Another photo challenge started and failed. But frankly, I had more important things to do than snap a picture every day. This year I determined to get my life in order instead of feeling scattered all over the place; and now for the first time I feel comfortable to talk about it.
Most of my life I’ve been considered an introvert but I never really had a solid understanding of who I was. With friends, I would find myself conforming to the person and who I thought they would like. Almost like the need to buy friends and let them walk all over me or use me. I would give and give and give but never get anything in return. Struggling in relationships, both romantic and friend, I could ruin romantic relationship by over analyzing and pushing them so far to break up with me. None of this ever made me happy.
So this year I made a promise to myself to get “centered”. I started seeing a psychiatrist in January and on the first day, I walked in with a list of things about myself that I saw as red flags and wanted to change (including items I had asked for from family and close friends). We have a standing appointment every Friday morning. We’ve tried multiple types of medications, combinations that caused different side effects and good and bad feelings but now after 11 months for the first time I feel comfortable in my own skin. It was scary and weird to think that hearing myself laugh out loud was something new for me. To best describe it I have chronic depression and anxiety. We determined that the reason I never really noticed how bad it had become was because I was constantly go-go-go. I would keep myself busy with extra hours of work to avoid falling into a sad mode. Think running on a high of adrenaline at all times to avoid crashing.
My doctor and I have finally come up with a perfect balance that I am truly grateful for. There was a time I thought of medication as being a copout. Only for those who couldn’t control things on their own. Maybe it was my experiences as a child going on and off of them but after this, I still believe everything happens for a reason. Through the help of my doctor, I am now steady and in control of my life.

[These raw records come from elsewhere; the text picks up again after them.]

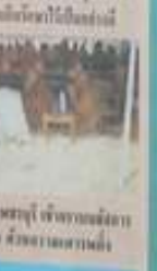
พระพุทธรูป ขนาด ๑.๕ ซม. สูง ๑.๕ ซม. สังกัดชาโหล่ง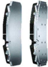
Photo 1 : Plaquette de frein PL standard vs. plaquette de frein technologie Lightweight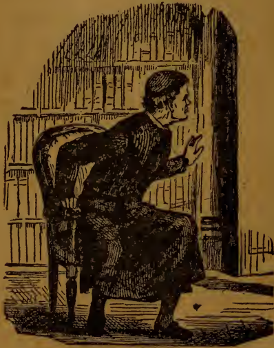
Нелюдский піп, Бонін.

Робили всьо що могли, щоб не лише бідну жертву вдусити між обома ліжками але навіть і роздусити. Одні вставали на ноги а відтак зі всеї сили скакали на бідну дівчину, инші підскакували на колінах, а всі прочі старались знайти який-небудь спосіб, щоб як найлучше мож було видусити з бідної жертви послідний віддих. Таке мученэ відбувалось з найбільшим запалом, і мені здавалось, що бідна сьв. Францішка вже чисто розмагльована, а сї мордерці эще з неї не злазили. Мені здавалось, що таке мордованэ їх вдоволяэ, а навіть справляэ приємність, бо торожили свою сестру а сего не бачили, бо они товклись всі на ліжку під яким она була придусина до другого.

I no longer have sleepless night from anxiety, weekends spent on a couch not wanting to move, the irritability has vanished, spontaneous change of plans doesn’t bring on anxiety attacks and now I want more than anything to go out and experience everything life has to offer.
This is how I start my morning every day… 15 pills (which includes vitamins too) filled with antidepressants, mood stabilizers and anti-anxiety pills and I would not trade it for anything in the world.
On another note, I have been wanting a dog for at least two years but every time I went to go look at one, I felt that I wouldn’t be able to take care of it. I couldn’t handle the responsibility probably because I could barely handle being responsible for myself and it wouldn’t be fair to them. Now that I am self-assured, confident in my own abilities and a clear understanding of what I want in life I finally got a dog. Just randomly looking online one morning (like I’ve done in the past every few weeks) at available dogs and within four hours I was on my way to pick up a puppy. I am absolutely in love with her. Her coloring is gorgeous, blue/grey with random bits of white and tan. He tiny tan eyebrows remind me of my first dog Max, a Rottweiler that I adored. In honor of her navy blue eyes and coat, I’ve decided to name her Neela – Indian for blue. With the end of my relationship with GC (a mutual agreement as we realized we wanted different things) she couldn’t have come into my life at more of a perfect time. I can give her all the attention she needs; train and discipline while still being loved and cared. This will make for a dog that could be loved by other dogs and humans alike. Until I can find a person to become my partner in life at least I have this baby girl to keep me busy.